Most property in Lee County will see reductions in their assessed value. 2008 assessed value is calculated from 2007 market comparables, so the assessed value may still seem high to today's market value.

Homesteaded property's assessed value, even when the market value decreases, may see their taxes increase up to the 3% limit, because of the recapture rule, which affects nearly 100,000 homeowners.

Lee county recently mailed out the Truth in Millage notices. Property owners have until Sept 16th, 2008 to challenge the market value at the Value Adjustment Board.

Arriving at the dollar amount of the taxes you pay is a 2 part process.  
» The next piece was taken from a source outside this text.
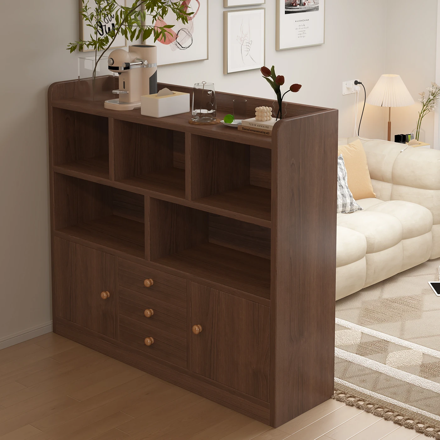 Multifunctional Wall-Mounted Bookshelf and Storage Cabinet - Vintage Style Divider for Living Room and Entryway, Ideal for Organizing and Displaying Tea and Decor Items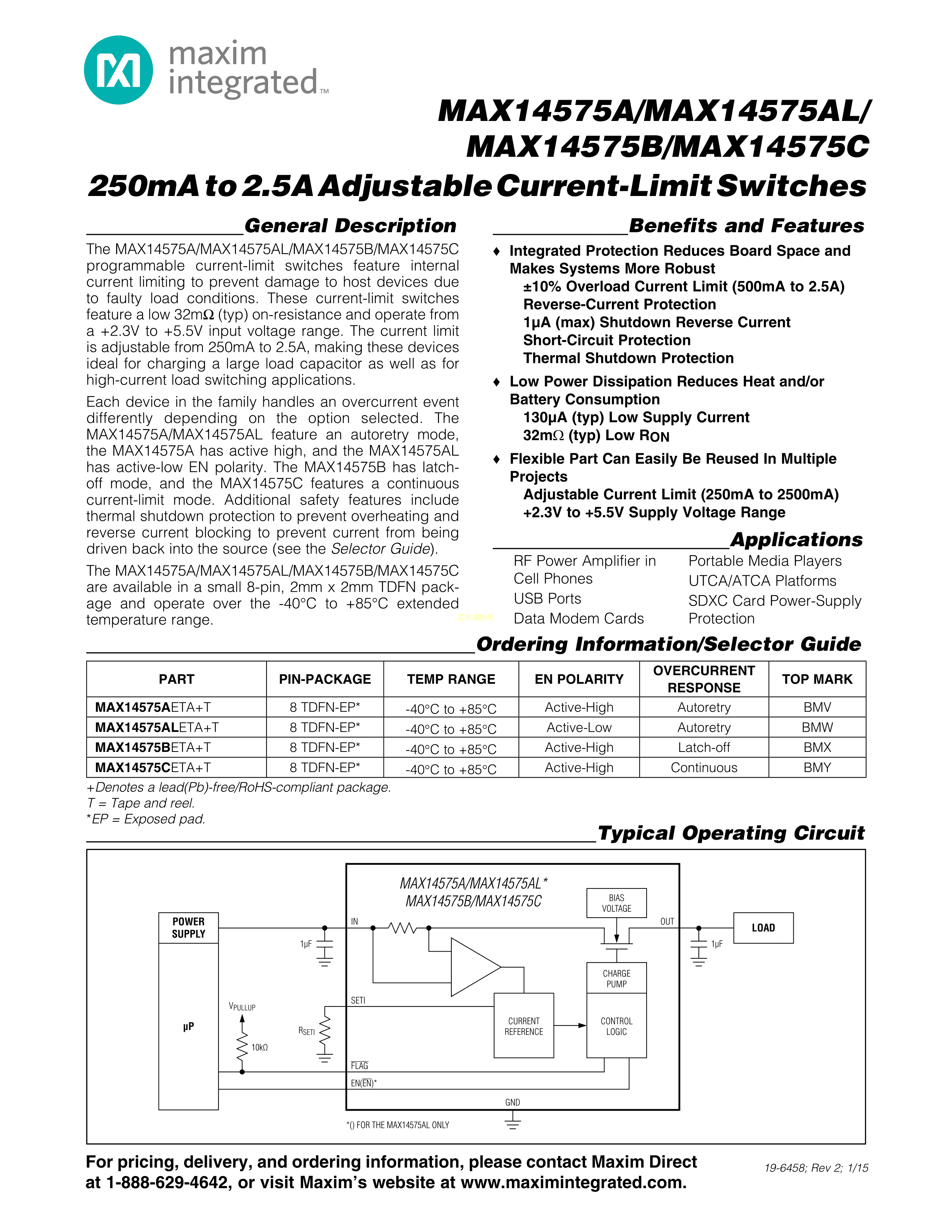 MAX14575AETA+T数据手册TDFN-8_EP封装MAXIM(美信)PDF规格书,中英文下载

   Part 1: The county tax appraiser is responsible for appraising your property, and determining what your property's value is.  Florida is a "100% market value" state.  Some states will determine value as a percentage of the market value.  Florida assesses your property value at 100% of the market value.  Also, some states will not re-assess market values every year.  Florida re-assesses market values every year.  Lee county has different methods to valuating your property.  They will use comparable property's that have sold throughout the year, similar to yours, to arrive at a market value for your property.  They will generally use the median value of the comparables sold throughout the year.  However, in 2005, where there was an abundance of sale activity, they may have used a smaller time frame, such as a quarter, or half the year. In some cases, particularly condo and vacant land appraisals, one sale in an area for vacant land, or one sale in a condo complex, could dictate everyone else's taxes for the next year, if that is the only sale.  They will make adjustments to a subject property if the comparable is similar enough.  For instance, a condo unit on the exterior will be assessed higher than an interior.  Also, a condo unit higher up in floors will be assessed higher than a condo on a lower floor.  If, and only if, there are no comparable sales in a particular condo complex, will they then go out to neighboring condo complexes.

   What would make a comparable not viable?  The county will not count any property as a comp that was sold with "personal property", eg furniture. 

   Part 2: The various taxing authorities set their budgets for the year and determine a mill rate.  The mill rate is the tax per dollar of assessed value of property. The rate is expressed in "mills", where one mill is one-tenth of a cent ($0.001).  When you multiply the mill rate times your assessed value, you come up with your tax bill.